Data Privacy Is a Human Right. Europe Is Moving Toward Recognizing That.

(FPIF) – During Mark Zuckerberg’s testimony before the House of Representatives, Representative Anna Eshoo (D-CA) asked the Facebook CEO bluntly if he would be willing to change the company’s business model “in the interest of protecting individual privacy.”

Zuckerberg responded, “I’m not sure what that means.”

While “privacy” may sound like a fuzzy concept, it’s not at all a new idea in either human rights law or the rules that apply to Facebook in some of its largest markets. The company has also had to defend its practices before courts and regulatory bodies that have examined the issue — which makes Zuckerberg’s answer unsettling.

And since Facebook obtains data even about people who don’t use the social network, this is an issue for all of us.

The UN’s top human rights office concluded years ago that in order to respect the right to privacy, governments should regulate how private companies — not just police and spy agencies — treat personal data. Although the human rights treaties only strictly apply to governments, there is a long-established norm that >businesses should respect rights even if a government doesn’t force them to do so — and that’s as true for Facebook as for more usual suspects such as the diamond, oil, and tobacco industries. The same UN body has specifically urged web-based companies to make sure their practices don’t facilitate inappropriate government surveillance or otherwise harm human rights.

To achieve this, companies should first recognize that simply because a user has “shared” a piece of information with a platform or others doesn’t mean he or she has lost any privacy interest in it. If one looks closely at Facebook executives’ responses to the scandal surrounding data analysis firm Cambridge Analytica’s access to users’ data, one will find repeated mentions of the idea that this was data the users themselves had shared or made public.

However, as the European Court of Human Rights has recognized, data about us can still raise privacy concerns >even if it isn’t something we’ve kept secret. And European Union law acknowledges even more explicitly that personal information we can’t — or shouldn’t have to — keep to ourselves, such as our race and religious beliefs, can still be sensitive and need protection by both governments and companies.

One reason this is important is that when a company gathers, analyzes, or shares data that can identify personal characteristics such as race, this can lead to discrimination — as the ongoing controversy over allegedly biased housing advertisements on Facebook shows.
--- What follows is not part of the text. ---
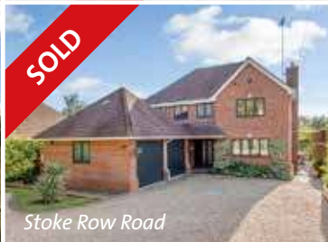
Stoke Row Road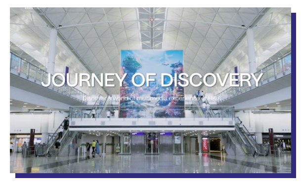
BEST OF MOBILE MEDIA Airport Authority Hong Kong ExperienceHKAirport.com – The website of "Journey of Discovery" (HONG KONG SAR PRC)

Companies such as Facebook also create vast pools of personal data where intelligence agencies, police, hackers, and fraudsters could go fishing. This makes adherence to human rights principles essential for these companies, including when users have knowingly shared information about themselves.

Human rights courts have also recognized that nearly every step in the handling of personal data — from the initial gathering to use, retention, and sharing — can interfere with privacy. This means those actions should be limited to what is truly necessary and is proportionate to a legitimate goal.

UN experts have further stated that if data a company holds about you is wrong, you should be able to get that data corrected or deleted — and under the European Union’s new General Data Protection Regulation (GDPR), this will be an even broader right. In many circumstances, the regulation will also require companies to obtain EU users’ specific and informed consent before gathering their data in the first place.

Given that Facebook’s handing of personal data has been the subject of major rights-based challenges in Europe as well as a 2011 settlement with the U.S. Federal Trade Commission about consumer privacy, it seems highly likely that the company is aware of these human rights principles. It simply needs to be willing to act on them.

the new EU regulation, Facebook will need to do this for its millions of users in the European Union by May 25. During the hearing, Zuckerberg indicated that the company will extend those new user protections “to the world.” This was encouraging, although Zuckerberg did not fully explain the details or offer a timeline.

There is no reason for anyone to be a second-class citizen when it comes to data privacy. The company should establish these protections worldwide by the May GDPR deadline, or explain why it can’t and set an expeditious timeline.

The new European requirements will not be a magic bullet, and may not provide a model for solving every problem related to protecting people’s data. But they do embrace some useful ideas about user empowerment that members of Congress were right to raise during the hearing.

They also show that strong rights protections in this area are possible. Both Facebook and Congress should make sure that possibility becomes a reality for users in the United States.

Sarah St.Vincent is a researcher on U.S. national security, surveillance, and domestic law enforcement at Human Rights Watch.